You don’t need any fancy supplements or equipment to get started, in fact, you don’t even need a gym membership. Check out our strength training guide for some quick and simple moves you can do at home.
5. Focus on nutrition and hydration
Now that you’re in the full swing of training, it’s more important than ever to focus on nutrition and hydration. It’s also easier than ever to forget about nutrition and hydration and reach for whatever’s quickest and easiest when you’re tired from those grueling training sessions.
Planning and preparing your meals and snacks ahead of time can help you refuel after your workouts by minimizing the energy needed to put something together post-run. Getting enough fluids is also important to keep your body working optimally and reduce fatigue. Get in the habit of drinking a glass of water every morning when you wake up. Eight hours is a long time for the body to go without water, and kick-starting your morning hydration will help your body’s natural detoxification system to operate effectively.
Check out our hydration guide to learn more.
6. Make time for recovery
Training for a marathon is understandably hard work for your muscles. Give them some TLC with regular foam rolling sessions, self-massage and lots of stretching.
Regular massage can help release tension, improve blood flow, avoid potential injuries and keep your muscles optimized for running. Learn more about incorporating self massage into your training here.
7. Select your race-day shoes
Your race-day shoes are like your secret weapon. Racing shoes are designed to be as lightweight and as propulsive as possible thanks to hyper-responsive foams and snappy carbon plates that return energy with every stride.
Just like choosing running shoes, choosing racing shoes is highly individualized. Maybe you prefer a firmer platform as you’re running faster, or perhaps you like a softer midsole for maximum comfort over long distances. Trying the shoes on at your local Fleet Feet can help you narrow down your search. Be sure to check out our list of the best carbon-fiber plated running shoes to learn more about the options out there.
8. Don’t underestimate your sports bra
Ladies, this one’s for you. You probably know that sports bras are an essential piece of gear, but perhaps you didn't know that finding the proper fit can help improve your running economy.
This 2024 study found that “respiratory function may become compromised by the pressure exerted by the underband of a sports bra.” A too-tight sports bra can “impair breathing mechanics during exercise and influence whole-body metabolic rate.” In other words, if your bra is too tight you’ll be exerting more energy taking shallower, more frequent breaths.

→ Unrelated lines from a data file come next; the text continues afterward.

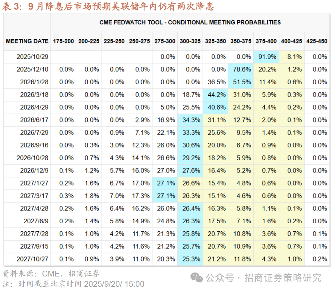 9月美联储议息会议整体符合市场预期,呈现鸽派决策+鹰派表述的预期管理。会议如期降息25bp,且给出的降息指引显示年内仍有50bp的降息空间。同时,鲍威尔表示,9月的降息举措是一项风险管理决策,没有必要快速调整利率,今天对于降息50个基点并没有广泛的支持。9月的点阵图显示,大多数委员支持2025年内仍有50bp的降息空间;过半数委员支持2026年至少还有25bp降息空间,目前市场普遍预期美联储年内仍有两次降息。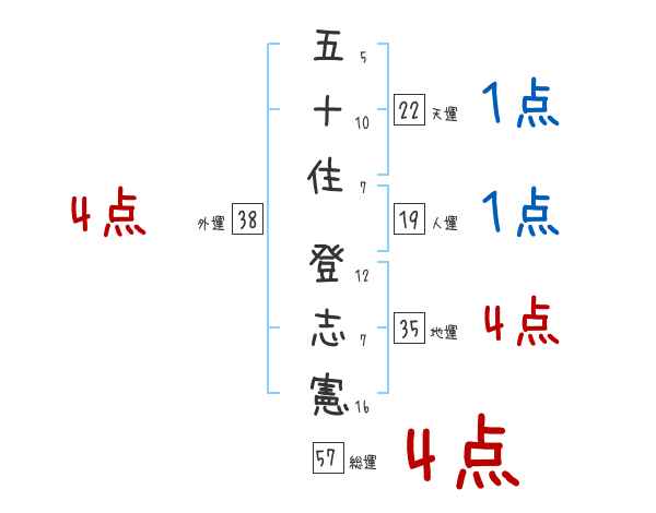 総運![]() | 五十住登志憲さんの総運は57画の4つ星!向上心があり人望がある。地位を得る。 あなたの人生を表す1番重要な運勢です。生涯を通じて影響する総合運となり、主に50歳以降の晩年期に影響を及ぼします。 |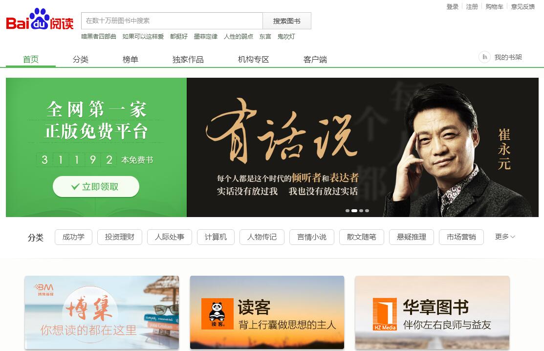 | 网站简介: 百度阅读提供丰富的电子图书、畅销书排行榜,种类包括小说、文学、传记、艺术、少儿、经济、管理、生活等电子书的网上销售,为您提供最佳的阅读体验。 |

Fleet Feet offers expert bra-fitting to ensure you’re in the right size. Check out this article about how sports bras should fit.
9. Switch up your routine
Research has shown that continually participating in the same exercise over time can hinder your progress and reduce your motivation. To combat this during the long, endless miles of marathon training, switch up your normal routine every few weeks. Try a new strength class at the gym, or a new cross-training regimen. Run with a new group, or try out a new route. If you mostly stick to road running, try out a local trail. Jump into a local 5K race and use it as an easy run or a tempo workout (July 4th, Thanksgiving, and St. Patty’s Day are common times for fun, themed races).